Tag Archives: custom paint

  • Cars of SEMA 2015 – Friday Wrap Up

    And as quick as that, another SEMA show is over. All the show cars that were the least bit drivable got fired up and took a lap of the strip, headed from the Convention Center to the SEMA Ignited public after party down the street.It was another great show and thanks to everyone who stopped into our booth to visit and see our newest products. It will take days, maybe weeks, to wrap our heads around all the neat new ideas and trends we saw at the show, but when we do we'll post them here for you. For now, here are some of the cars that jumped out at us even after 2 full days of looking at amazing cars.

    Just to prove that guys will hot rod anything, here is a souped up Allis-Chalmers Model B tractor. They started making these in the late 1930s and kept making them for a while, so no telling exactly what this is. It goes to show you that nearly the same principles can be applied to any wheeled vehicle, just make them lower and wider and they will look meaner even if they aren't really any faster.
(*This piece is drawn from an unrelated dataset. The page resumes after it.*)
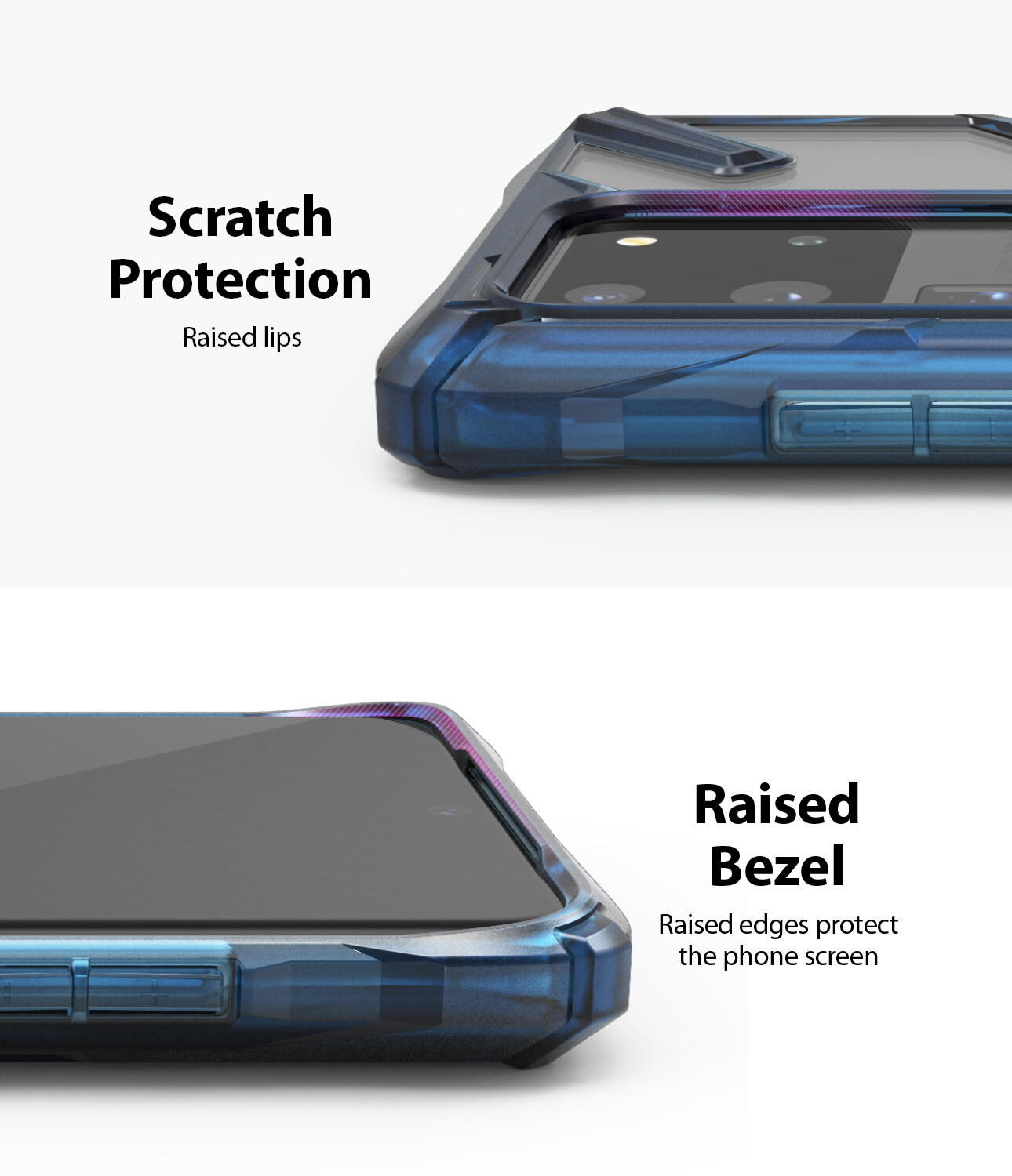 Durable thermoplastic urethane bumper protects all of the well-rounded sides and flawlessly fits all edges. The added addition of ridges in the TPU bumper adds a boosted grip control for comfortable handling. The raised front lip prevents your screen from touching a flat surface, and the rear camera also includes a tapered back lip to protect the lens.
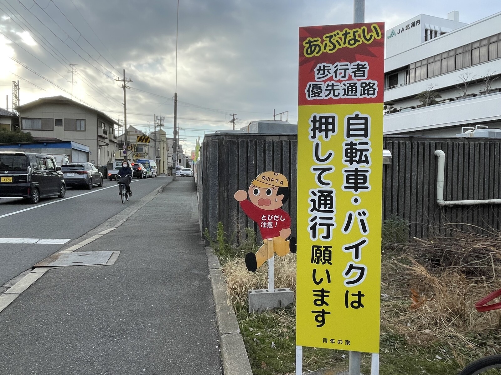 青年の家前の飛び出し坊やは男の子と女の子が表裏一体!

The flat head 4 must sound great as it spits fire out of the short tube exhausts.

    SEMA 2015 1938 Allis Chalmers Model B

    This may seem like a strange jump, from tractor to Porsche, but one of the first things the German car maker put their name on was a tractor. These air-cooled 911s, in candy colors, all in a row, look like what all of us adult children dream of seeing when we look under the tree at Christmas.

    SEMA 2015 Porsche 911

    If you instead dream of playing in a pile of dirt,maybe you'd prefer this Jeep Chief concept. Look close and you can see how much 4 door Wrangler is still there. But the retro front end look, and the custom hard top make it look like a completely different vehicle. Jeep sure can turn out some sweet concepts, now lets see if they can put some more interesting trucks in the showrooms.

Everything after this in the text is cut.